For the time being, the risk of a federal government shutdown has receded as both Republicans and Democrats on Capitol Hill signal support for yet another stop-gap measure, extending provisional budget funding for a fortnight, along with $4bn of cuts in spending in areas already targeted by the Obama administration.
But the argument could flare up again when that reprieve period expires if the Republicans who control the House continue to demand much deeper cuts, and the Democratic majority in the Senate insist such action would merely derail the fragile economic recovery.
Yesterday, at his annual White House meeting with state governors – who include several potential Republican candidates for 2012 – President Obama was firmly on the unions' side, declaring that "it does no one any good when public employees are denigrated".
The country needed a debate about pensions and the cost of public healthcare programmes such as Medicare, he acknowledged, but "shared sacrifice must prevail".
Last night, Republican lawmakers in Wisconsin were trying to push ahead with the Bill to curtail union bargaining rights. Even if they fail, the impending presidential race will keep the issue alive.
Governors past and present are likely to dominate the Republican party's 2012 field. New Jersey's Mr Christie, with perhaps the strongest grassroots following among them, insists he will not stand. But Mr Daniels, a former White House budget director, is mulling a run, as is Mississippi's Haley Barbour. Former governors Tim Pawlenty of Minnesota and Mitt Romney of Massachusetts are near certain to join the race.
US budget cuts in numbers
24 The number of hours that Wisconsin's Governor, Scott Walker, gave Democratic Party senators to return to the State Capitol in Madison to vote through his measures cutting costs and reducing the powers of trades unions, before he began slashing public-sector jobs.

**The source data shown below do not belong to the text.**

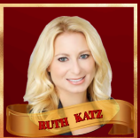
TIDES TURN CAPITAL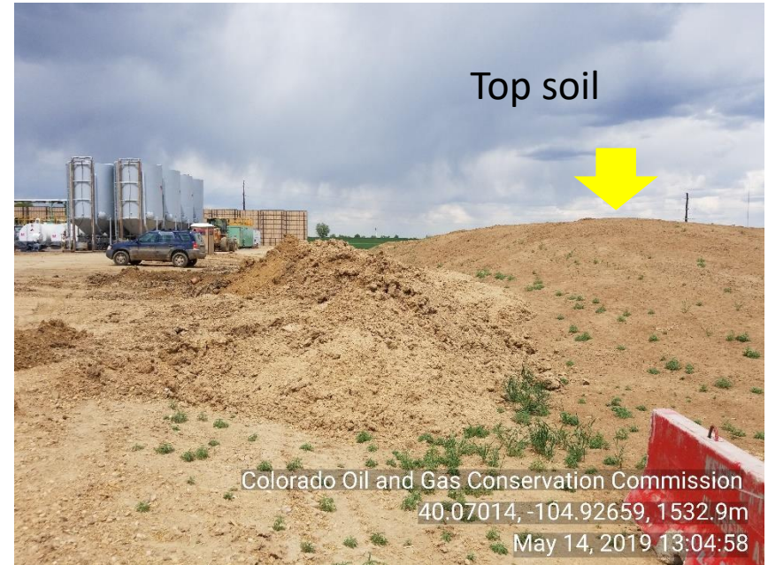
Photo 12 Protection of soils: appears crew is pushing up mud and gravel from location onto top soil pile.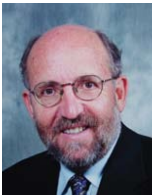
Professor Michel Mayor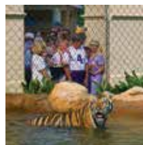
Mike the Tiger's Habitat 2005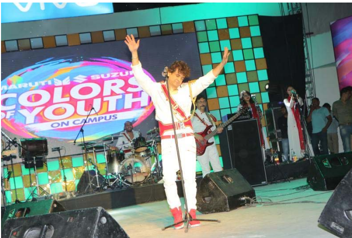
Lead singer of the band Euphoria, Palash Sen, during the performance.

The band was performing for the fourth time at IIT, and Sen didn't mind flattering the IITians apart from making them groove to his music. He said during the performance, "After DU's Lady Shri Ram College for Women, IIT Delhi was the second college to invite us to perform and since then this is our fourth and the maximum number of times we have performed at any college."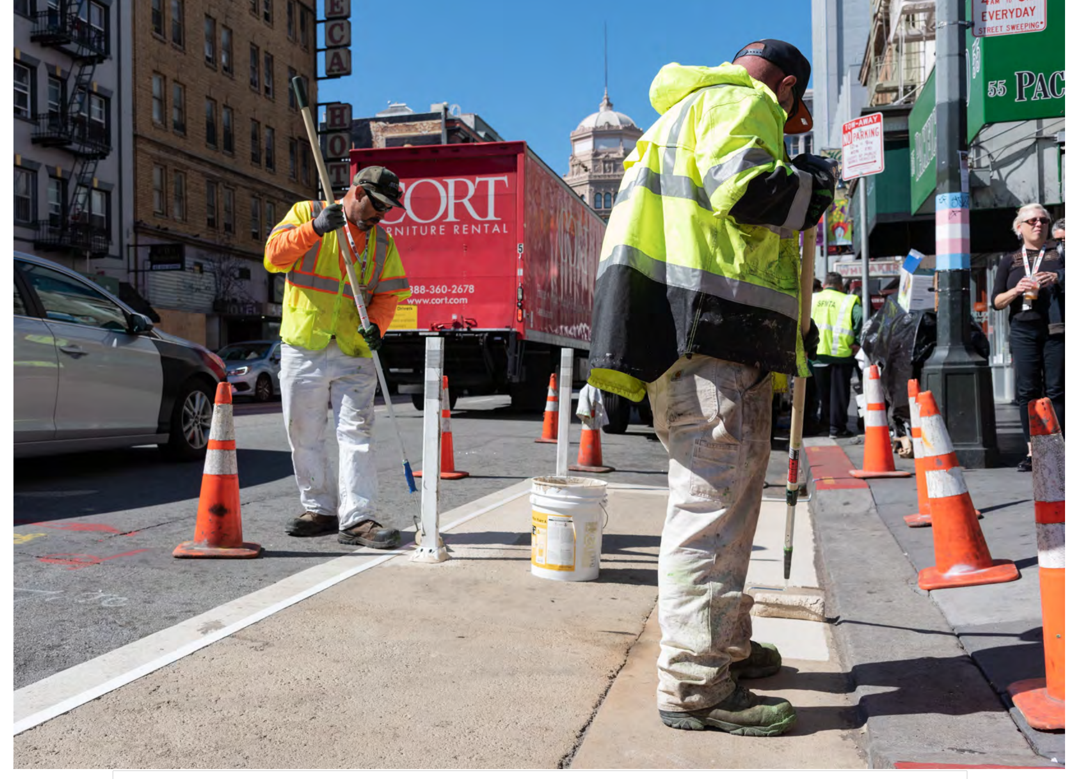
Vision Zero Quick Build Project on 6<sup>th</sup> Street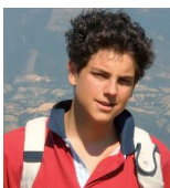
Blessed Carlo Acutis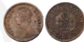
249 Victoria Empress, Copper, 1/12 Anna, Calcutta mint, 1891, bust B , Extremely Fine.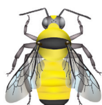
Bombus borealis boreal bumble bee

Yellow top & front of head. Sides of thorax with brown.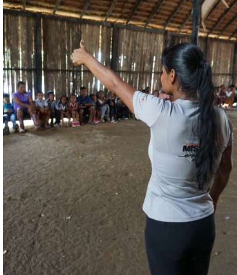
A committed team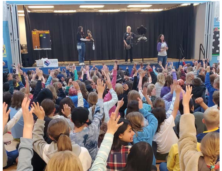
Above: Dozens of students excitedly interact with our educational programs. Our programs inspire audiences from kindergarten through doctoral students.

64,838 total people experienced the majesty of raptors.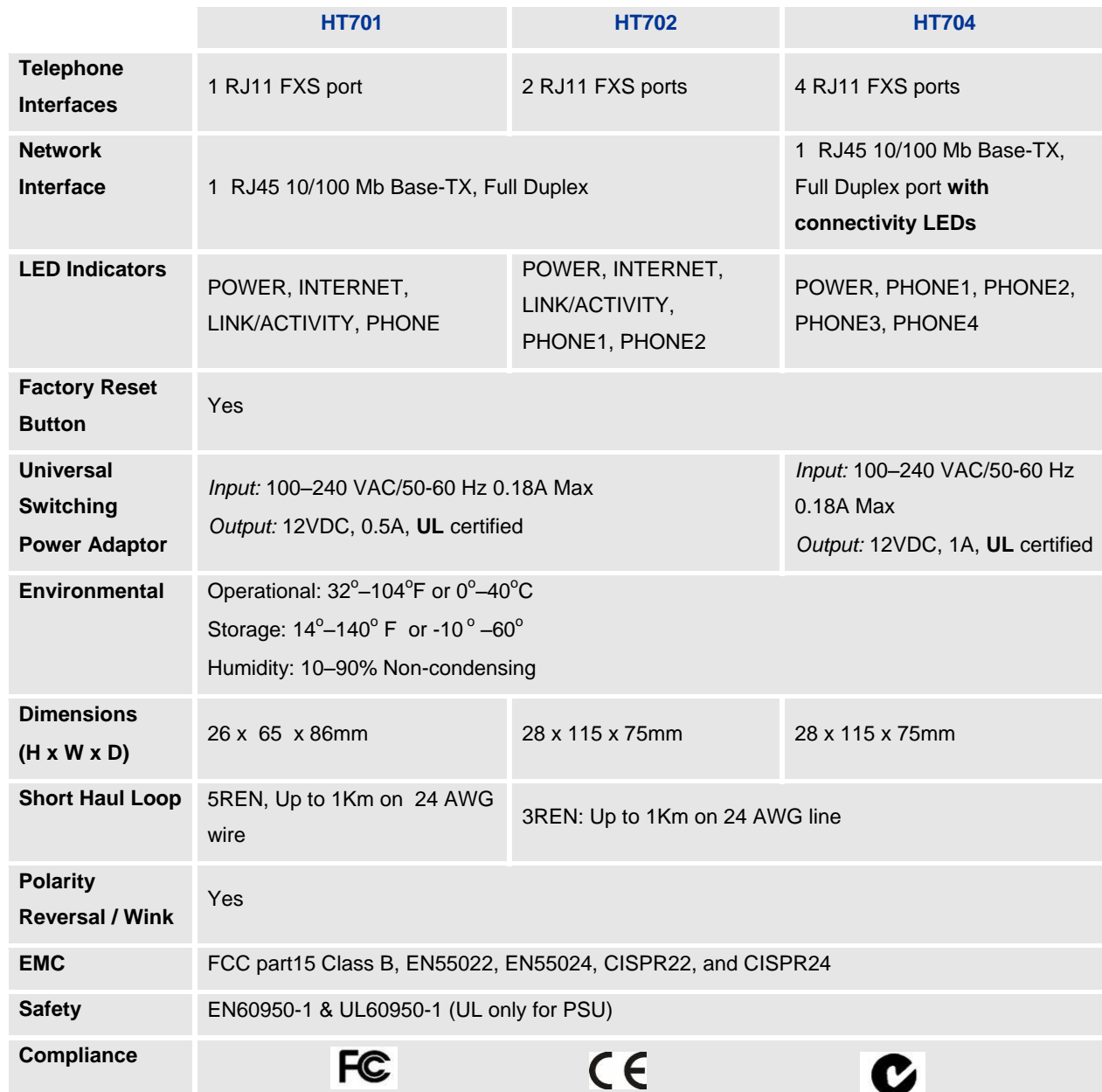
TABLE 5: HT70X HARDWARE AND TECHNICAL SPECIFICATIONS

The table below lists the Hardware and Technical specification of HT70X.

$165m The amount Governor Walker claims his measures will save Wisconsin's taxpayers.
$1bn The amount he is hoping to cut from the state budget, including grants to schools and local government.
1,500 Number of state workers he is proposing to make redundant if his proposals are not voted through.

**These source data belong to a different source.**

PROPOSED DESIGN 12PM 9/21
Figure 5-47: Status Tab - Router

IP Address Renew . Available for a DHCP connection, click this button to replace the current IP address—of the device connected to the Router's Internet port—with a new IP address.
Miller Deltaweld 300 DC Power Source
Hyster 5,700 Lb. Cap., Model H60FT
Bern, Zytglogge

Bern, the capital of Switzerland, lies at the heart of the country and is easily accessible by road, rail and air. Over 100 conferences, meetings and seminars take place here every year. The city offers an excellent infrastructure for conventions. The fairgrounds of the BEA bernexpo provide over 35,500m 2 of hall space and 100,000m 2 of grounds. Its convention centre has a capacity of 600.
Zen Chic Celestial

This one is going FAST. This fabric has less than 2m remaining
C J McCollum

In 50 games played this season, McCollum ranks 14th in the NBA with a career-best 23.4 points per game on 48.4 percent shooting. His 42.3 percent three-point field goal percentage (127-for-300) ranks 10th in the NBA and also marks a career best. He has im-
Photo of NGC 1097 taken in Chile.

12 The percentage of Americans who favour cuts to either Medicare or social security budgets, according to a poll conducted last month by the Pew Research Centre, which also found that only a fifth of registered Republicans backed the cuts.
49 The number of US states whose debt levels have increased by at least 40 per cent since 2004. Indiana, by contrast, has paid down more than 40 per cent of its debt and has a top debt rating of triple-A.
9-2 The odds of Indiana's Governor, Mitch Daniels, securing the Republican nomination for a 2012 presidential run.
2 The number of years that Mr Daniels served as President George W Bush's director at the Office of Management and Budget, during which he cut state spending and federal taxes.
1996 The last time the US federal government system shut down after lawmakers could not agree a new budget.